第32回北京日本人学術交流会に寄せられた大石又七氏のメッセージ


私は元第五福竜丸というマグロを捕る漁船の乗組員で、アメリカが広島型原爆の約1000倍、15メガトンという巨大な水爆実験を行ない、その爆発で起きた大量の『死の灰』を浴び被爆した大石又七というものです。このマーシャル諸島のビキニ環礁は、負の遺産としてこの度、世界遺産に登録されました。

 アメリカ軍は、1946年から1958年にかけて、このビキニとエニウエトク環礁を使って67回の大気圏核実験を行ない、合わせて100メガトンの核爆発を繰り返しました。
 この間、日本の1000隻におよぶ漁船が被爆しています。

 この爆発は、なんと広島型原爆を毎日一個ずつ18年間落とし続けた量に匹敵するというから驚きです。それらの放射能は半減期が何十年、何百年というもので人間の骨の中に入り込み、染色体を傷つけながら体の内側から攻撃するという内部被爆を起こしていたのです。
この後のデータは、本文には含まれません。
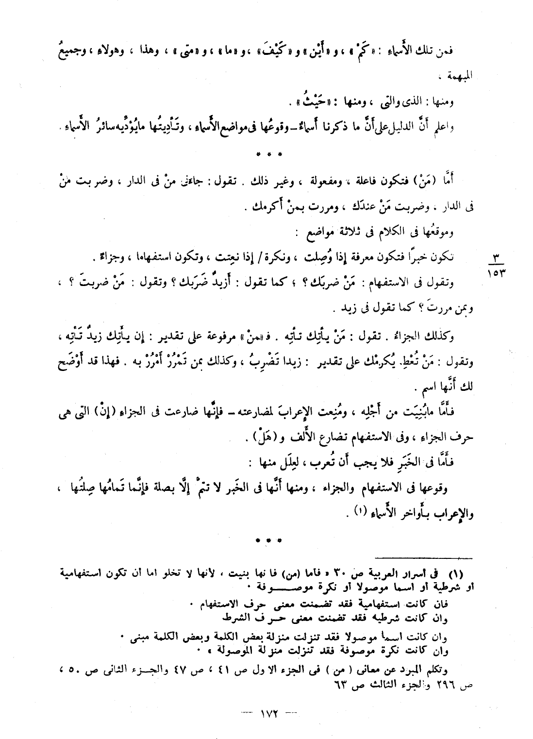 فَمن تِلْكَ الْأَسْمَاء: " كم "، و " أَيْن " و " كَيفَ "، و " مَا "، و " مَتى "، وَهَذَا، وَهَؤُلَاء، وَجَمِيع المبهمة وَمِنْهَا: الذى والتى، وَمِنْهَا: " حَيْثُ " وَاعْلَم أَن الدَّلِيل على أَن مَا ذكرنَا أَسمَاء - وُقُوعهَا فى مَوَاضِع الْأَسْمَاء، وتأديتها مَا يُؤَدِّيه سَائِر الْأَسْمَاء أما (من) فَتكون فاعلة، ومفعولة، وَغير ذَلِك تَقول: جاءنى من فى الدَّار، وَضربت من فى الدَّار، وَضربت من عنْدك، ومررت بِمن أكرمك وموقعها فى الْكَلَام فى ثَلَاثَة مَوَاضِع: تكون خَبرا فَتكون معرفَة إِذا وصلت، ونكرة / إِذا نعتت، وَتَكون استفهاما، وَجَزَاء وَتقول فى الِاسْتِفْهَام: من ضربك؟ ؛ كَمَا تَقول: أَزِيد ضربك؟ وَتقول: من ضربت؟ ، وبمن مَرَرْت؟ كَمَا تَقول فى زيد وَكَذَلِكَ الْجَزَاء تَقول: من يأتك تأته ف " من " مَرْفُوعَة على تَقْدِير: إِن يأتك زيد تأته، وَتقول: من تعط يكرمك على تَقْدِير: زيدا تضرب، وَكَذَلِكَ بِمن تمرر أمرر بِهِ فَهَذَا قد أوضح لَك أَنَّهَا اسْم فَأَما مَا بنيت من أَجله، ومنعت الْإِعْرَاب لمضارعته - فَإِنَّهَا ضارعت فى الْجَزَاء (إِن) الَّتِى هى حرف الْجَزَاء، وفى الِاسْتِفْهَام تضارع الْألف و (هَل) فَأَما فى الْخَبَر فَلَا يجب أَن تعرب، لعلل مِنْهَا: وُقُوعهَا فى الِاسْتِفْهَام وَالْجَزَاء، وَمِنْهَا أَنَّهَا فى الْخَبَر لَا تتمّ إِلَّا بصلَة فَإِنَّمَا تَمامهَا صلتها، وَالْإِعْرَاب بأواخر الْأَسْمَاء

染色体を傷つければ死産や奇形児の原因を作りだし、子孫へと繋がっていきます。これが水爆の恐ろしいところです。骨の中では造血細胞が白血球や赤血球、血小板などを作り出して人間は生きています。それらを時間をかけながら破壊し、がんなど作り出していました。
 白血病や骨肉種を起こすストロンチウム90、甲状腺がんを起こすヨウ素131、遺伝子を狂わせるセシウム153、中には半減期 (半分になるのに) が2万4千年かかるというプルトニウム239が含まれています。

 この事件の重要なのは、目に見えない放射能というミクロの世界であるということです。半減期の長い放射能が食物連鎖や風などに乗って地球上を漂い、誰のどこに取り付くかは現在の医学では計り知ることは出来ません。
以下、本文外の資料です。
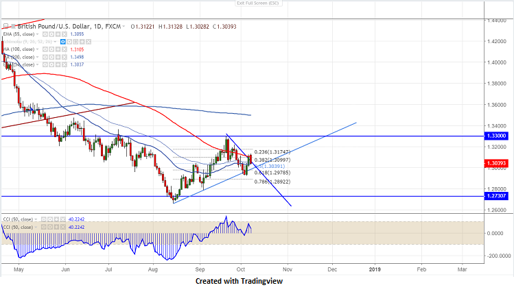 UK Brexit secretary will be travelling to Brussels for next round of Brexit negotiations and Brexit summit to held on Oct 17th 2018. Pound sterling is expected to trade highly volatile till Brexit deal reached.

 1940年代から50年代にかけて核実験が地球上のあちこちで始まりました。大量の放射能が大気圏や地球上に振りまかれています。そのことを裏付けるように60年頃から世界でガン患者が急増し、日本でも今死亡率のトップはガンで、年間35万人といわれています。
 私は、この放射能がその一因になっていると思っています。
 この重大な問題は黙って見過ごすわけにはいきません。

 私たち23人の乗組員の内、半数がすでに被爆と関係あるガンなどで亡くなっています。私も肝臓ガン、最初の子どもは死産で奇形児、今も白内障、気管支炎、不整脈、肺には腫瘍を抱え嗅覚も消え、三二種類の薬を飲みながら命をつないでいます。しかし日米政府はこの大事な事件を被爆者や被害者の頭越しに政治決着を結んで解決済みにしたため、私たちはその時点から被爆者とて認められず亡くなっても発病しても援助も治療も受けていません。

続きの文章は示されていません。